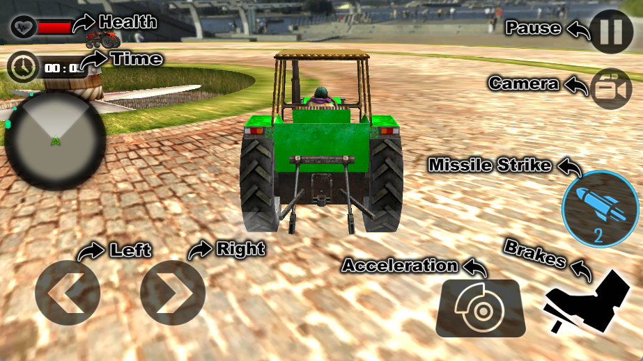 进入游戏后使用直观的按键操作控制拖拉机,通过方向键控制移动,特殊按键触发加速和特殊技能。进入对战场景后,需要巧妙驾驶拖拉机主动撞击对手,同时注意利用地形优势,如斜坡、障碍物等来增强撞击力度。在"拆迁德比"模式中,玩家需要持续对抗多个对手,通过精准的撞击和灵活的走位,在规定时间内保持车辆运转并成为最后的幸存者。游戏还设有多种特殊道具和技能,合理使用可以扭转战局。
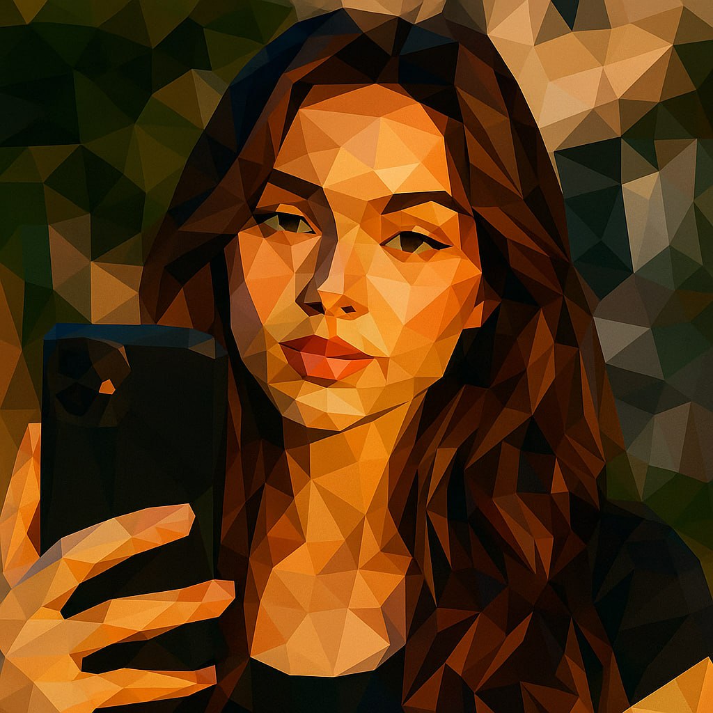 Перерисуй это изображение в стиле Polygon, сохрани все ключевые детали, добавь геометрические формы, упрощённые плоские полигоны.
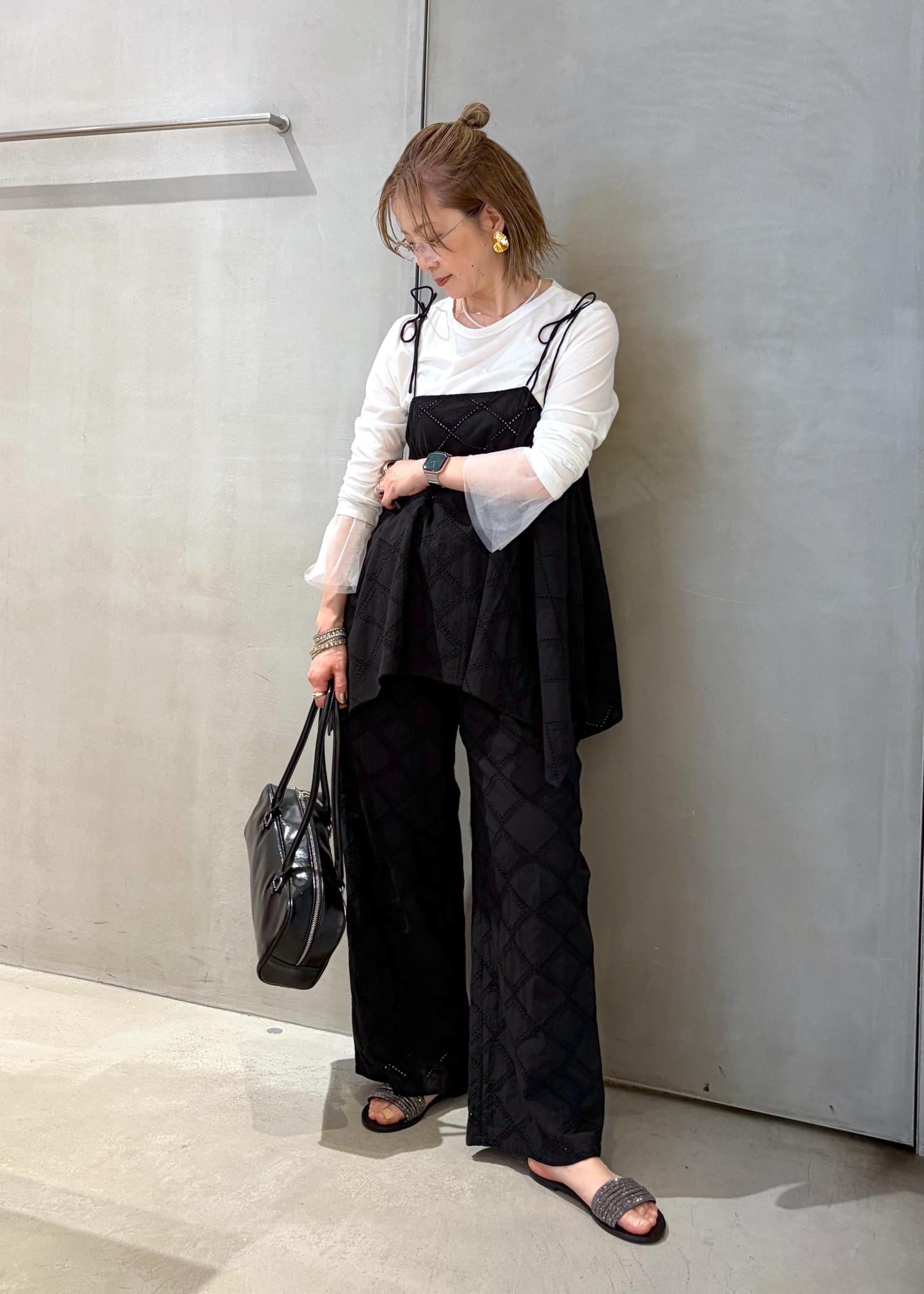 LE CERCLE par ropéスクエアレースイージーパンツ/セットアップ対応ブラック / F¥8,690レビューコットン100%でナチュラル素材感です。ウエストはゴム仕様。
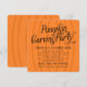 Stilvolle Einladungen Set für ein lustiges Kürbisschnitzereien Party! Die Einladung beinhaltet einen orangefarbenen Kürbishintergrund mit schwarzem Skripttitel und benutzerdefiniertem Text. Auf der Rückseite der Karte befindet sich ein Muster von Jack o' Laternenkürbissen.
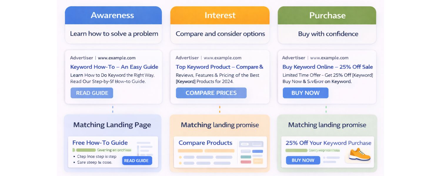 If CTR is fine but conversion rate is low, you fix the landing page experience and offer clarity—directly aligned to Quality Score components.
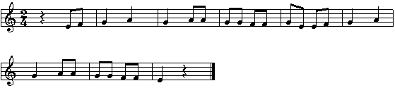 En esta canción inglesa que hay en el fichero GOODMORN utilizad las notas fa, si b y do y valores largos de blanca y redonda.
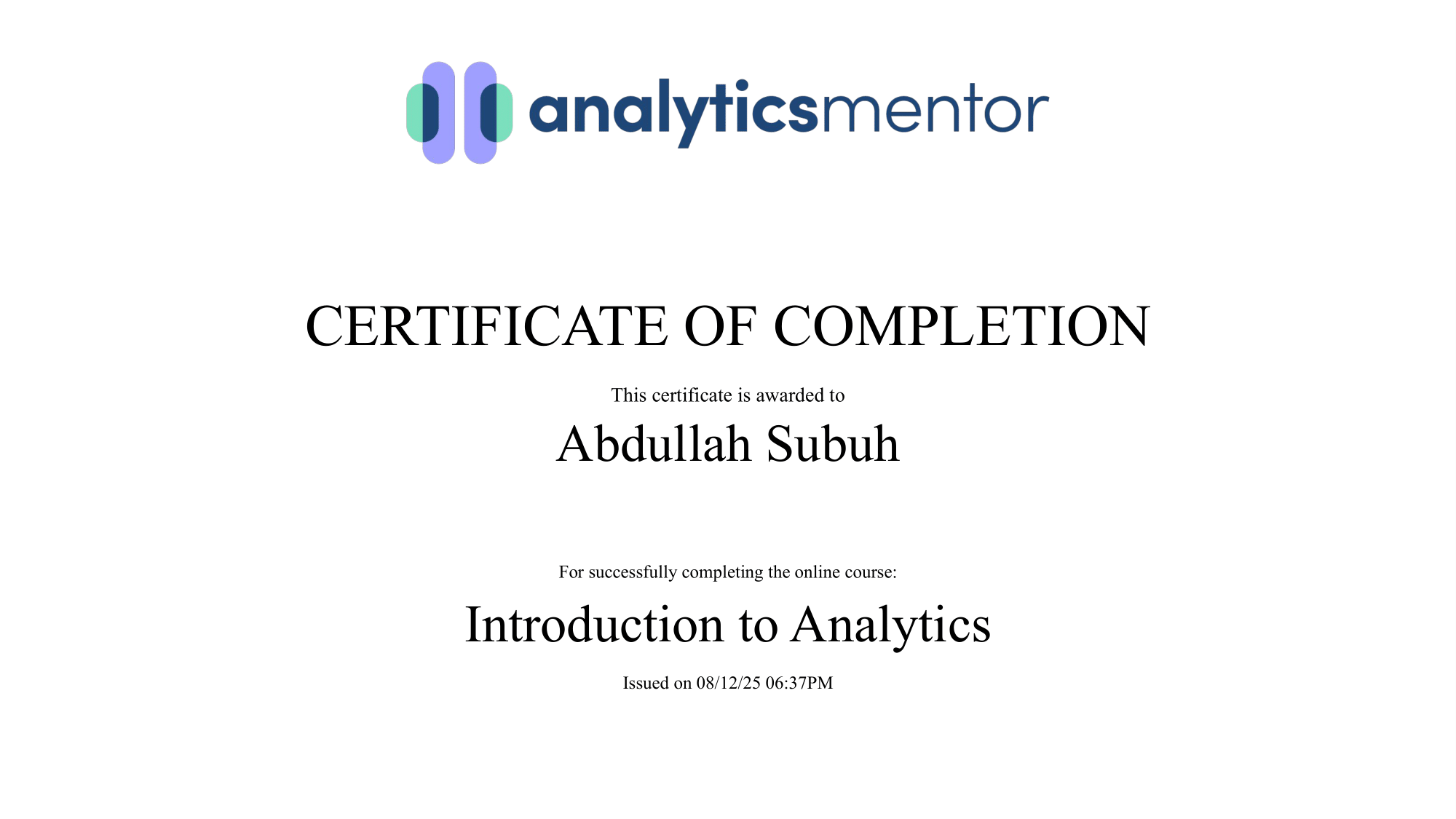 Certificate: Introduction to Analytics — Analytics Mentor Open Full-Size Certificate

- **Required action**:
Your task is to return the lines above, from the first one up to and including the line containing "Перерисуй это изображение", minus any pictures.

- **Task result**:
 进入游戏后使用直观的按键操作控制拖拉机,通过方向键控制移动,特殊按键触发加速和特殊技能。进入对战场景后,需要巧妙驾驶拖拉机主动撞击对手,同时注意利用地形优势,如斜坡、障碍物等来增强撞击力度。在"拆迁德比"模式中,玩家需要持续对抗多个对手,通过精准的撞击和灵活的走位,在规定时间内保持车辆运转并成为最后的幸存者。游戏还设有多种特殊道具和技能,合理使用可以扭转战局。
 Перерисуй это изображение в стиле Polygon, сохрани все ключевые детали, добавь геометрические формы, упрощённые плоские полигоны.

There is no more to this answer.